Dunston said Gore, Bush and Forbes flew big planes loaded with press. There also were separate planes loaded with media.

"I think this year was probably bigger than the past ..." said Bill Flannery, aviation director for the Des Moines International Airport. "But January tends to be a slow month, and certainly ... airlines and car rental people do a nice business in January because of the caucuses."

Alan Keyes' entourage -- on a commercial flight -- was turned back by a snowstorm on the East Coast. After changing planes in Detroit, they were an hour out of Boston's Logan Airport when it was closed because of whiteout conditions. The plane returned to Detroit.

The former diplomat had planned to attend a fund-raiser in Keene, N.H., on Tuesday night, but met instead with Detroit-area media and appeared on several television news programs via satellite, said Keyes spokesman Peter Malvey.

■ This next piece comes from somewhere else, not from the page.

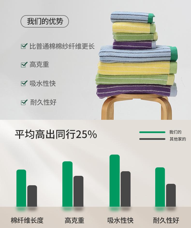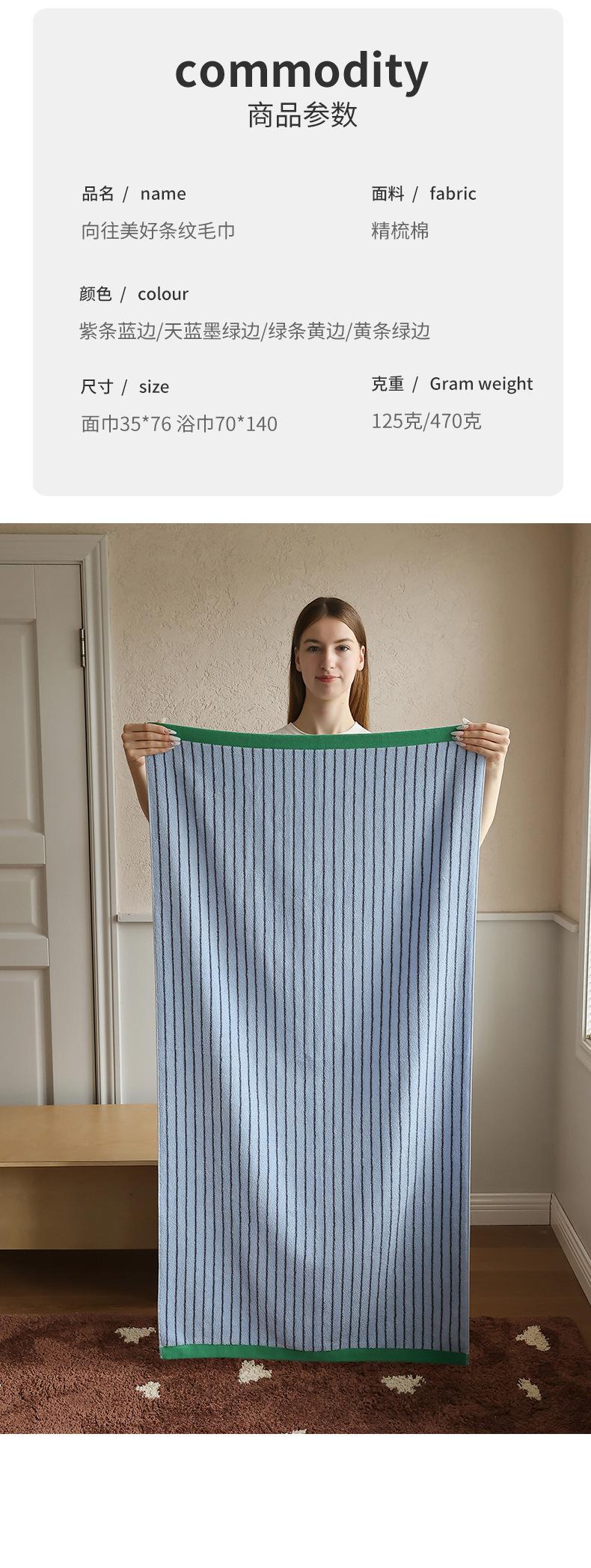 Toalla de algodón peinado de nueva generación con rayas simples, color liso, de algodón puro, clase A, de alta densidad, absorbente y agradable para la piel.

Malvey said Keyes would be on a flight early Wednesday to participate in a debate in Manchester, NH. "We'll do whatever it takes to get the ambassador to the debate."

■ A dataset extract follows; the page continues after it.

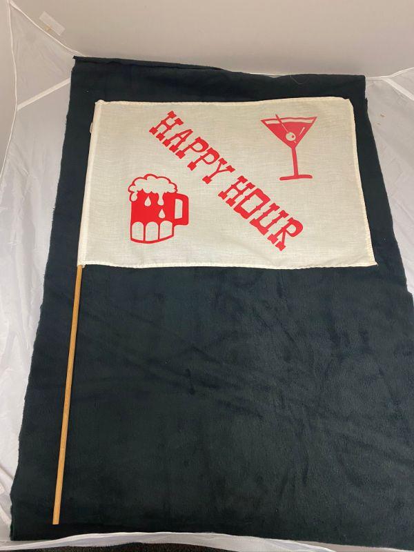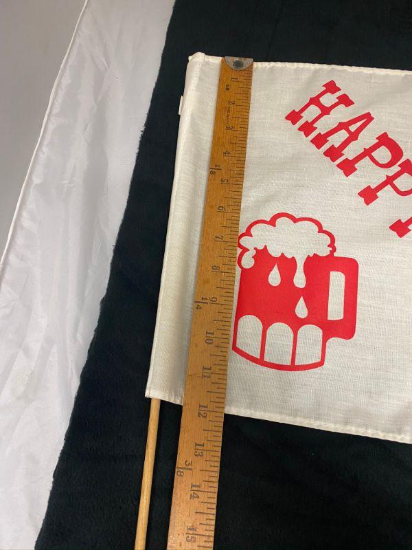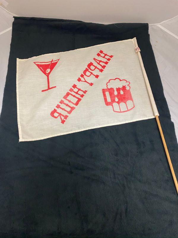 Vintage Happy Hour Bar Flag. White flag with red lettering. Exact age unknown. flag is over 12" wide.

Sen. Orrin Hatch, who finished with a 1 percent showing in Iowa, crept quietly out of town. He was expected to announced Wednesday he was dropping out of the race.

At the Iowa Historical Building on Tuesday, NBC crews were still dismantling the two full-size studios they built on the museum's third-floor terrace to showcase the view of Iowa's golden domed Capitol. CBS crews, which had set up on the second floor of the Capitol law library, were still packing up Tuesday morning.